ADFC: Möglichkeiten für Kommunen verbessert

Der Fahrradclub ADFC glaubt allerdings, dass der Entwurf die Möglichkeiten der Kommunen deutlich verbessere, Straßen fahrrad- und klimafreundlich umzubauen. Die Vorsitzende Rebecca Peters forderte Wissing auf, zügig auch die nachgeordnete StVO anzupassen.

„Wenn der vorliegende StVG-Gesetzentwurf vom Kabinett bestätigt wird, ist das ein guter Tag für die Verkehrswende vor Ort. Neben Flüssigkeit und Sicherheit des Verkehrs stehen nun auch Ziele des Klima- und Umweltschutzes, der Gesundheit und der städtebaulichen Entwicklung im Entwurf – eine langjährige Forderung des ADFC und seiner Bündnispartner", kommentierte ADFC-Vorsitzende Rebecca Peters.

Wenn Bundestag und Bundesrat zustimmen, könnten nach ihrem Dafürhalten Kommunen in Zukunft viel leichter verkehrsberuhigte Quartiere einrichten, Fahrradstraßen und Zebrastreifen anlegen und Lücken im Radwegenetz schließen. Das bringe mehr Lebensqualität für alle, in der Stadt und auf dem Land. Voraussetzung sei allerdings, dass ein Widerspruch zwischen Gesetzestext und Begründung bereinigt werde – und dass Bundesverkehrsminister Wissing zügig auch die untergeordnete StVO entsprechend anpasse. Denn die Kommunen schauten auf die StVO, merkt der Verband an. Im neuen Absatz 4a des §6 StVG des Gesetzesvorschlags sieht der Radverband allerdings einen Widerspruch. Dort heißt es:

"Anordnungen, wie Radfahrstreifen oder verkehrsberuhigende Maßnahmen, „müssen neben der Verbesserung des Schutzes der Umwelt, des Schutzes der Gesundheit oder der Unterstützung der städtebaulichen Entwicklung die Sicherheit und Leichtigkeit des Verkehrs berücksichtigen“. Dieser Imperativ weicht nach Auffassung des ADFC die eigentliche Intention auf, die in der Begründung nachgeliefert wird. Dort heißt es unter Punkt II, „dass mit der gesetzlichen Änderung die Regelungsziele Verbesserung des Schutzes der Umwelt (einschließlich des Klimaschutzes), Schutz der Gesundheit und Unterstützung der städtebaulichen Entwicklung für sich allein genommen ausreichen“.

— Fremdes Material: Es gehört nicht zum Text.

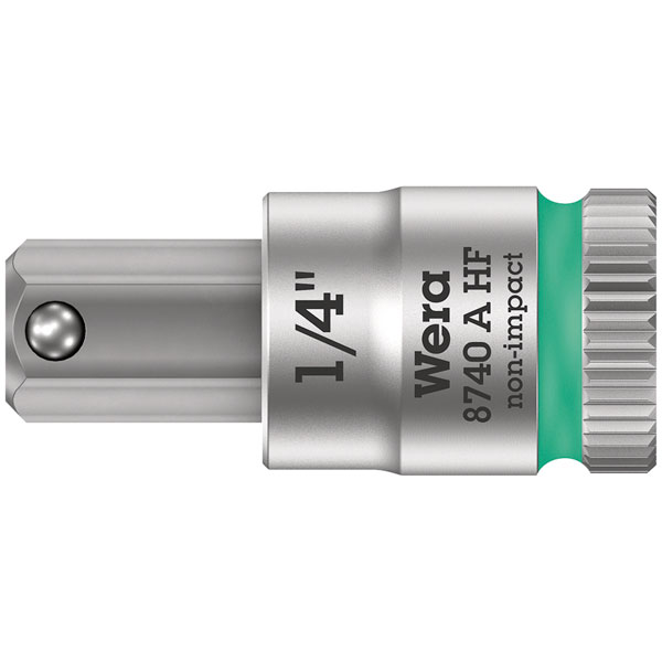 This Wera 8740 A HF Zyklop bit-socket has a 1/4in. square drive and contains a 1/4in. hex-plus driver bit with holding function. The holding function is extremely convenient for screwdriving, with reduced risk of dropping the screw when addressing the workpiece.

Der Radverband fordert, hier die Eindeutigkeit der Begründung auch im Gesetzestext zu verankern und die Pflicht zur Berücksichtigung auf die Verkehrssicherheit zu beschränken. So können beispielsweise verkehrsberuhigte Quartiere auch ohne Verkehrszählungen und Unfallstatistiken allein zur Verbesserung der Lebensqualität und der Fahrrad- und Fußgängerfreundlichkeit angeordnet werden.